‘Opa?’
‘Ja Tijl.’
‘Wil je me helpen met m’n huiswerk?’
‘Natuurlijk. Met welk vak ben je bezig?’
‘Nederlands, we moeten moeilijke woorden uitleggen.’
‘Zoals?’
‘Nee, ‘zoals’ is geen moeilijk woord.’
‘Ik bedoel: ‘moeilijke woorden zoals’ en dan noem jij een moeilijk woord.’
‘Retrospectief.’
‘Toe maar.’
‘Moeilijk hè?’
‘Zeker. Soms helpt het om een woord in stukjes te hakken.’
‘In stukjes hákken? Met een bijl of zo?’
‘Nee, ik bedoel figuurlijk, niet echt hakken, maar verdelen.’
‘Nou, doe maar.’
‘Retro en spectief.’
‘Nu zijn het twee moeilijke woorden.’
‘Heb je wel eens van ‘spectief’ gehoord?
‘Nee, wel van Specsavers.
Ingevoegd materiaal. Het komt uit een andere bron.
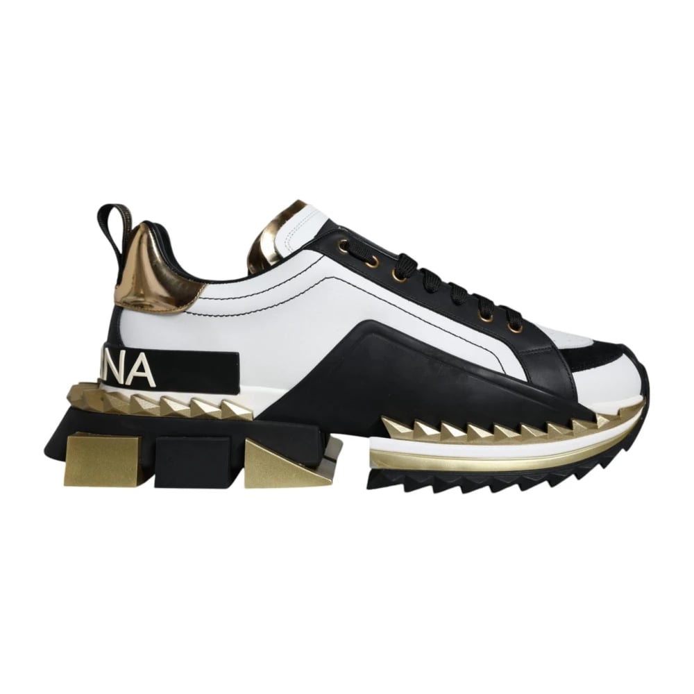 Dolce & Gabbana, Sko , Herre, Flerfarvet, 41 EU, Uld, Portofino Lave Top Sneakers Hvid/Guld

Dat is toch een brillenzaak?’
‘Heel goed! Het betekent zoiets als ‘zicht op’ en retro kun je ‘terug’ noemen.
‘O, omkijken dus!’
Willem. Leuk verzonnen, Specsavers. Is Tijl een fictief persoon?
Dank je Han. Ja, Tijl is een fictief persoon; ik ben (helaas) geen opa.
Opa of juist (nog) niet, het leest toch weer lekker weg, Willem. Grt.
@Willem. Origineel stukje. Je bent vaak een koning van de korte baan.
Dank je wel Peter. Mooi compliment, dat ik gaarne in ontvangst neem.